Answering Section A questions in the Advanced Audit and Assurance (AAA) exam

The Section A question in the AAA exam is worth 50 marks, therefore gaining a strong mark in this question is key to passing the exam.

There are a few important points to remember when approaching the question:

  1. The question is always set at the planning stage of the audit
  2. The current date will always be 1 July 20X5, with the year end of the client being 30 September 20X5.
  3. There will be a significant proportion of the marks in respect of the identification and evaluation of the risks associated with the client (these may be business risks, risks of material misstatement or audit risks. On occasion, it may be a combination of risks which the partner is asking for analysis on).
  4. Exhibit 1 will be the partner’s email which will outline the requirements and what will need to be addressed. The format will always be in the form of briefing notes to the partner.

Stepping up from AA to AAA

Candidates will have addressed audit risk questions at AA. The same principles apply, but require a broadened range of the risks which include identification of risks of material misstatement and business risks. For more information on these type of risks, use the articles published on risks.

Candidates will also require an additional depth of knowledge and demonstrate greater understanding of the financial reporting requirements. At AA, the required knowledge of financial reporting was limited to that examined at FA. AAA will require the knowledge gained at FR and SBR. Although candidates can take the exams in any order they wish, it is highly recommended to sit and pass SBR prior to sitting the AAA exam.
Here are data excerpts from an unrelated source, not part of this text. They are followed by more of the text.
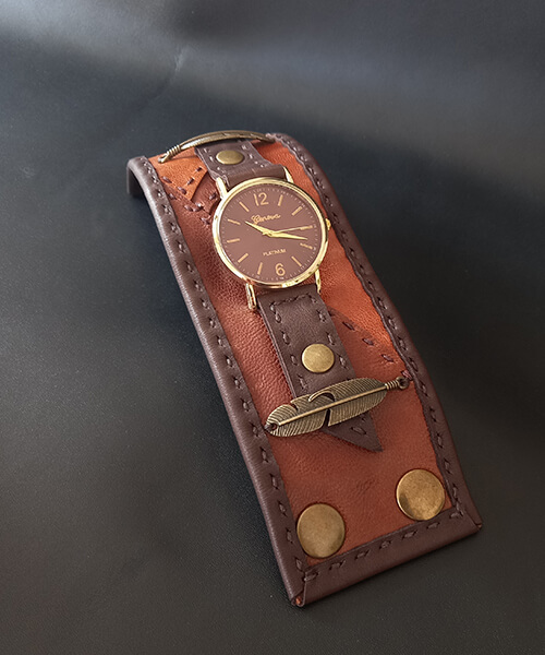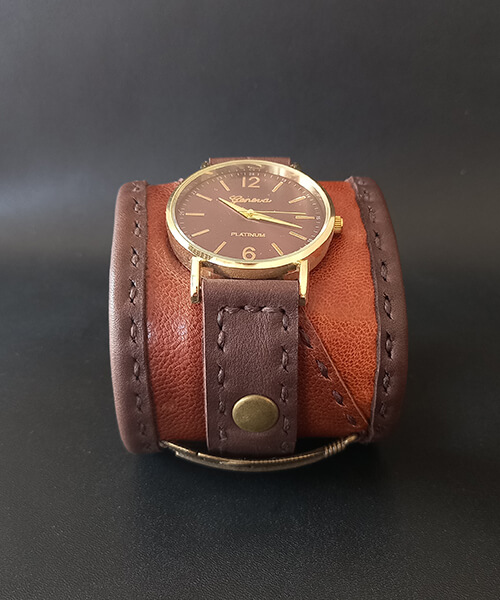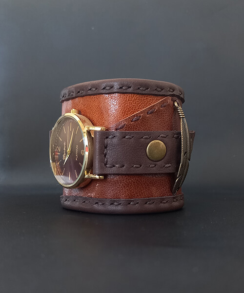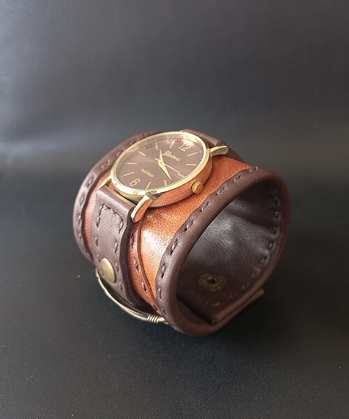 A unique, fully leather and handmade bracelet in combination of brown leather and watch has a double role. The watch on the bracelet is attached with snaps that allow you to remove it, if you want. You can wear a bracelet over a long sleeve and the harmony of the whole will elegantly step in front. Metal buttons in the snap function ensures reliable fixing.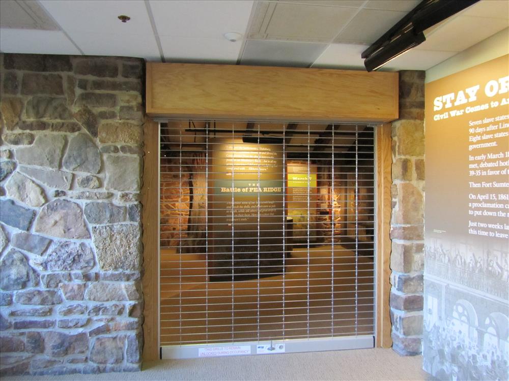 Security Door installed in the visitor center entry to the musuem in the summer of 2010 the door was installed by a contractor Metro Door the outer trim was installed by park staff. This door is to add additional protection to the artifact located in the musuem area.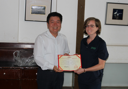 李佩国常委为Beat365外教凯媂颁发优秀教师奖励证书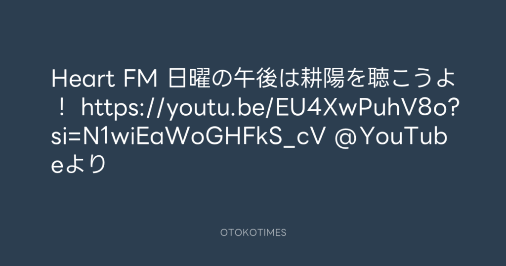 Heart FM 日曜の午後は耕陽を聴こうよ! https://youtu.be/EU4XwPuhV8o?si=N1wiEaW... -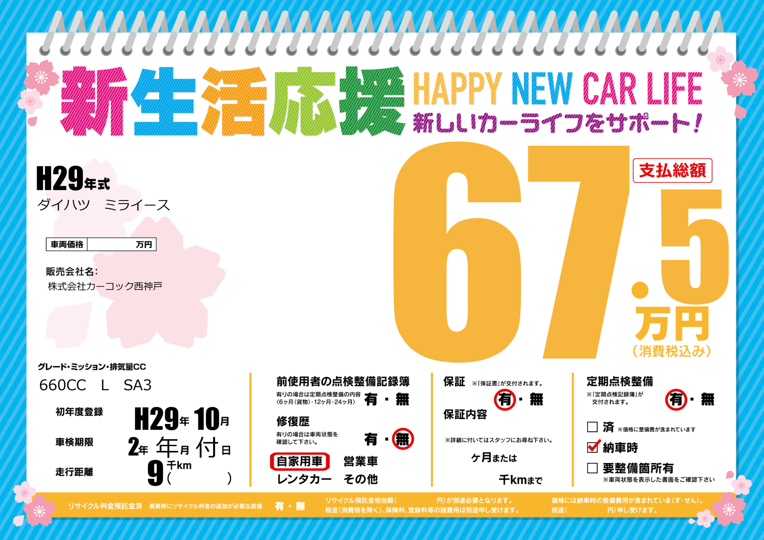 | 定期点検整備 | 定期点検整備あり 納車時あり | ||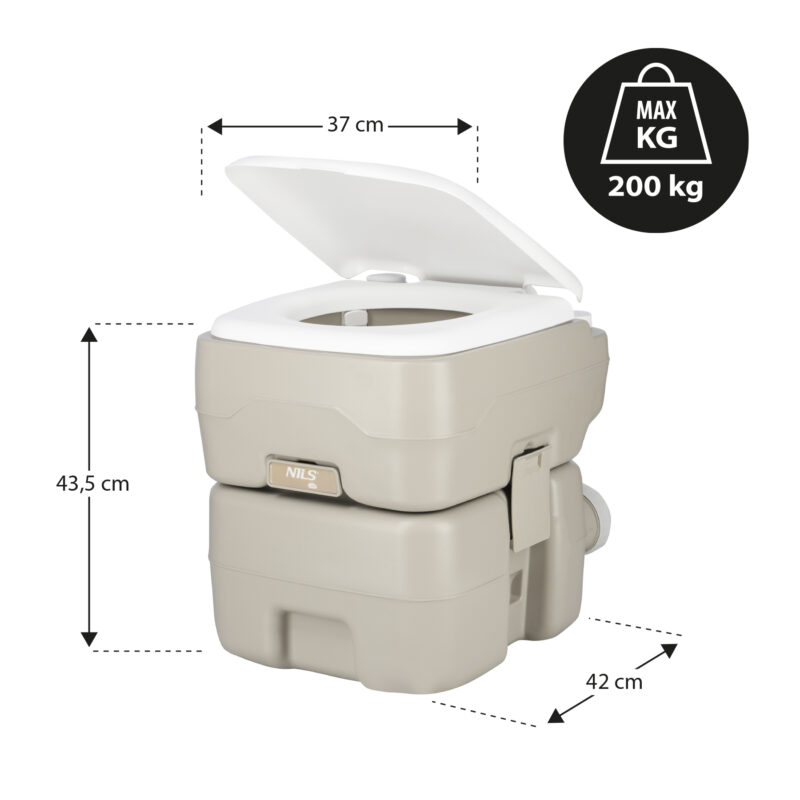 Der NC0024 hat keine separaten Behälter – er funktioniert wie eine Trockentoilette, in der Einweg-Hygienebeutel verwendet werden. Im Lieferumfang ist ein erster Satz enthalten, sodass Sie sofort mit der Verwendung beginnen können. Nach dem Gebrauch muss der Beutel einfach verschlossen und gemäß den Abfallvorschriften entsorgt werden. Dank dieser Lösung muss die Toilette nicht gespült oder geleert werden, was ihre Verwendung im Freien erheblich erleichtert.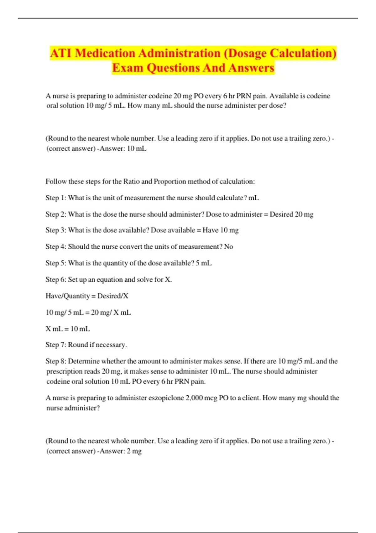 This ATI Medication Administration (Dosage Calculation) Exam study guide includes comprehensive practice questions with accurate answers and detailed step-by-step explanations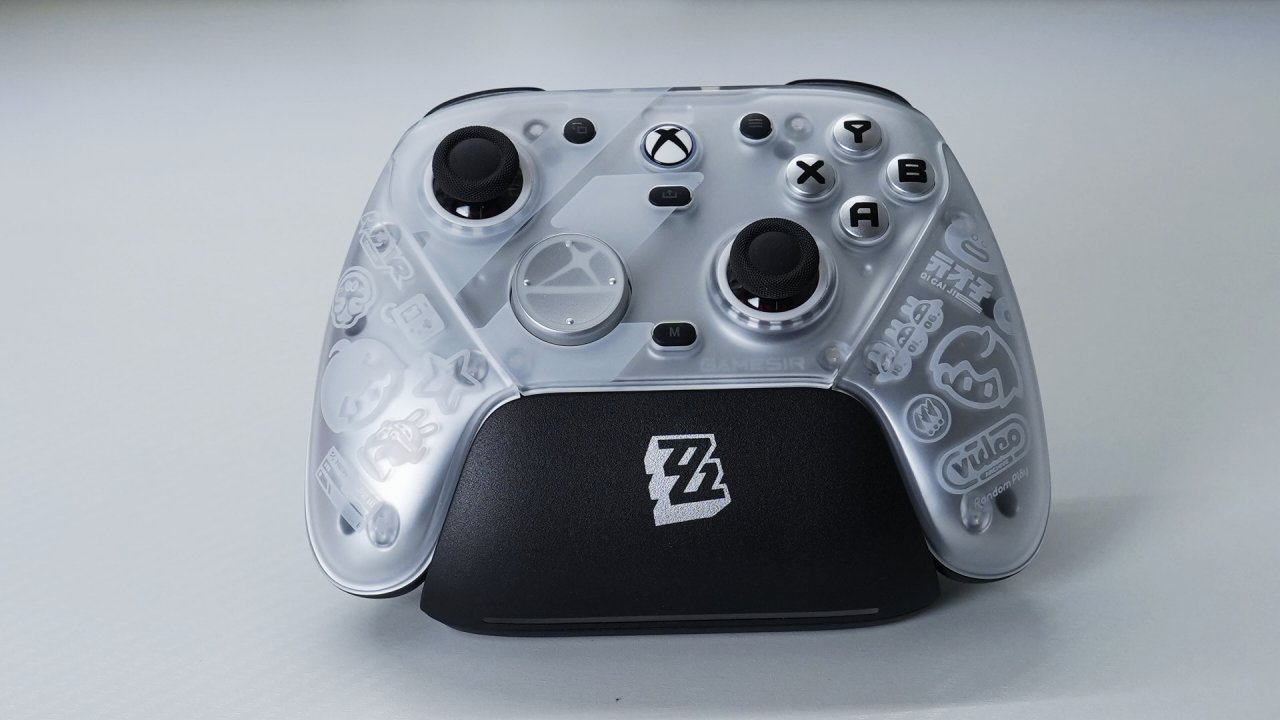 底座方面还支持智能启停,拿起手柄会自动开机,十分方便。不玩了就放底座上,会自动关机充电,并且底座的灯光也会亮启。大家日常可以当个桌搭使用,颜值还是蛮高的
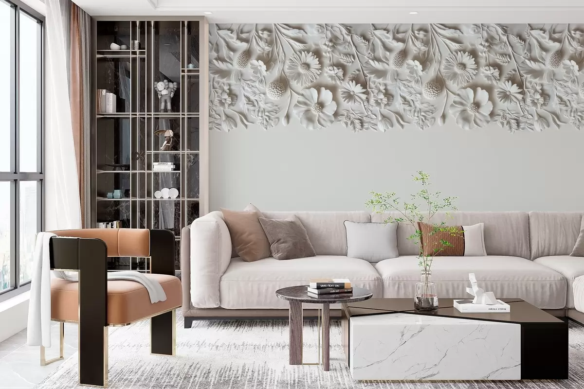 Тапете за зид Имитација бас-рељефа цвећа на врху у млечној боји бр. w03398v1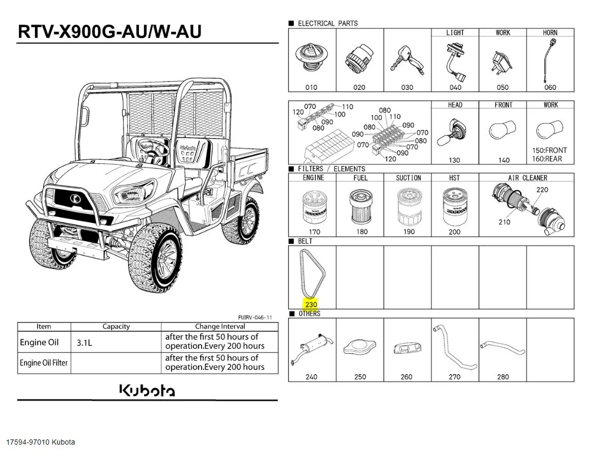 This V-belt fits a variety of Kubota RTV utility vehicles, including: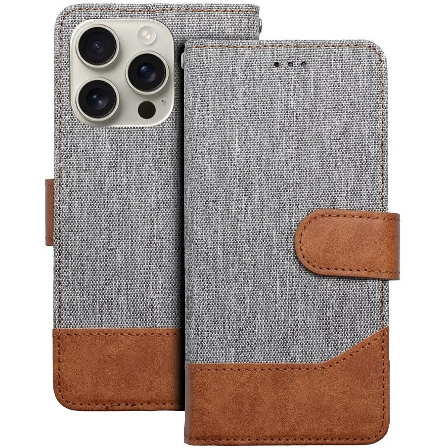 Apple iPhone 16e / 17e, Oldalra nyíló tok, stand, kártyatartóval, farmer minta, Jeans Book, szürke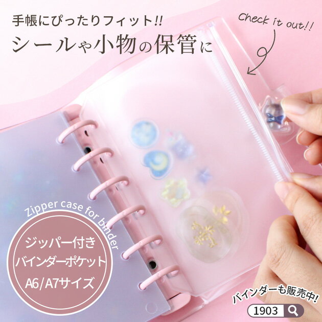 バインダー ポケット6穴 ジッパー付き 2~3枚 セット ■ シール帳 シール手帳 バインダー用 A5 A6 A7 ミニ6 ジッパー式ファイル袋 スライダーポーチ ジッパーフォルダー 袋 ポーチ リフィル ファイル マルチケース シール 文具 収納 手作り ■

Without the relevant knowledge of financial reporting, it will be very difficult to explain the impact of the potential misstatement by incorrectly applying the relevant accounting standard.

Structure of the question: what will be asked?

At least 20 marks will be attributable to the identification, evaluation or assessment of the risks in the scenario which will affect the audit plan.

The remaining 20 marks (remember that there are 10 professional skill marks) will be based on a selection of ‘other issues’. These may include:

  • Ethical and professional issues
  • Discussion of actions and/or procedures to mitigate the risks already identified
  • Discussion of the auditor’s responsibilities in respect of laws and regulations (including fraud, money laundering, breaching specialist industry regulations, licence agreements, etc)
  • Other issues, for example, using data analytics, problems assessing non-financial KPIs, sustainability issues, internal controls, auditing outsourced services, use of audit experts,

This is not an exhaustive list of the content of the questions, but will provide candidates with some guidance as to what they may face in the live exam.

Approaching the exam

With the revisions to ISA 315, candidates will have seen requirements which ask for:

‘Evaluation and prioritization of the significant risks of material misstatement/audit risk’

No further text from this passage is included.